Spatially relative terms, such as "above … …," "above … …," "above … …," "above," and the like, may be used herein for ease of description to describe one device or feature's spatial relationship to another device or feature as illustrated in the figures. It will be understood that the spatially relative terms are intended to encompass different orientations of the device in use or operation in addition to the orientation depicted in the figures. For example, if a device in the figures is turned over, devices described as "above" or "on" other devices or configurations would then be oriented "below" or "under" the other devices or configurations.

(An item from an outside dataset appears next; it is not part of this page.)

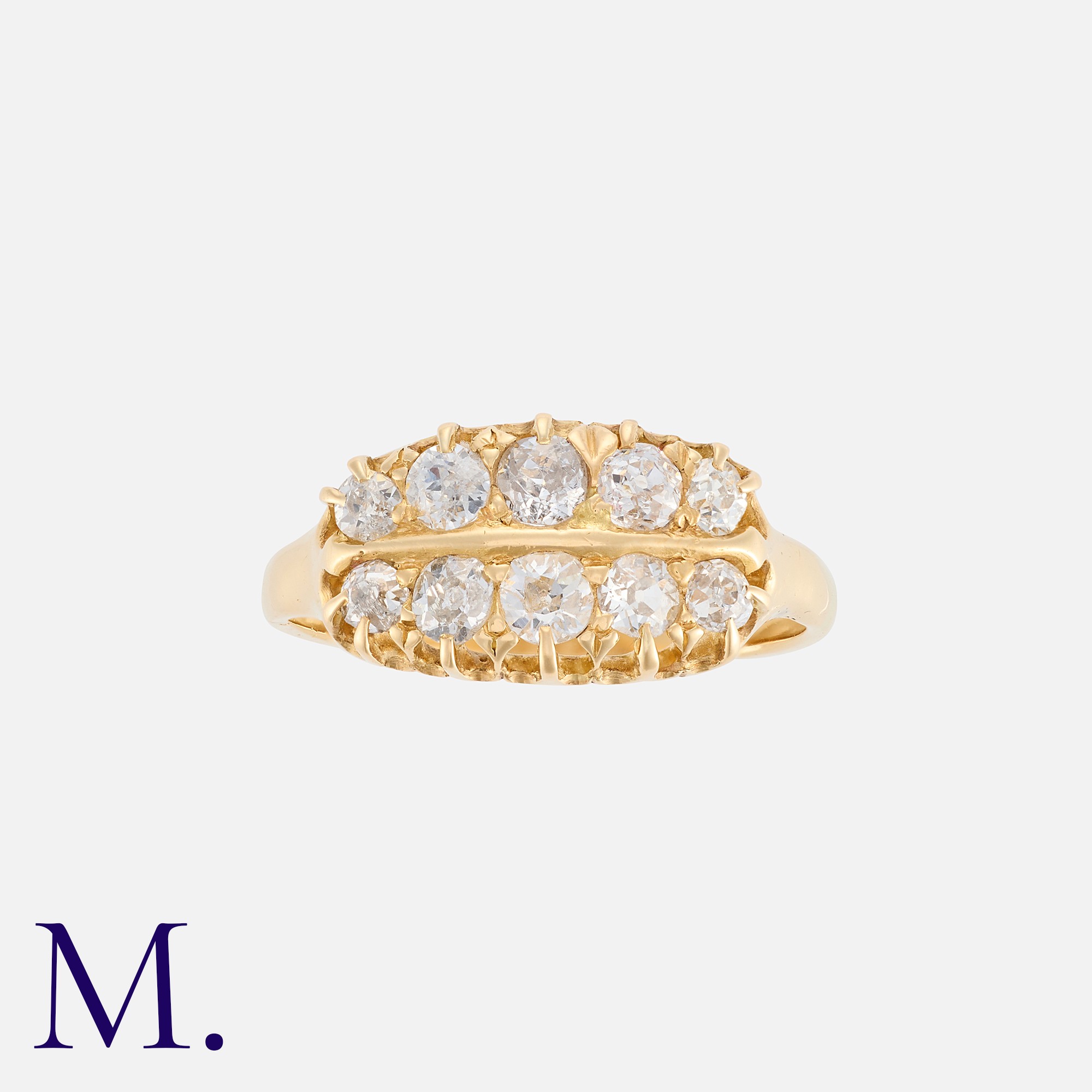 An Old Cut Diamond Ring in yellow gold, comprising two rows of graduated old cut diamonds totalling approximately 0.90cts. Unmarked but tests indicate 18 carat gold.

Thus, the exemplary term "above … …" can include both an orientation of "above … …" and "below … …". The device may be otherwise variously oriented (rotated 90 degrees or at other orientations) and the spatially relative descriptors used herein interpreted accordingly.

It should be noted that the terms "first", "second", and the like are used to define the components, and are only used for convenience of distinguishing the corresponding components, and the terms have no special meanings unless otherwise stated, and therefore, the scope of protection of the present application is not to be construed as being limited.

Although embodiments of the present invention have been shown and described, it will be appreciated by those skilled in the art that changes, modifications, substitutions and alterations can be made in these embodiments without departing from the principles and spirit of the invention, the scope of which is defined in the appended claims and their equivalents.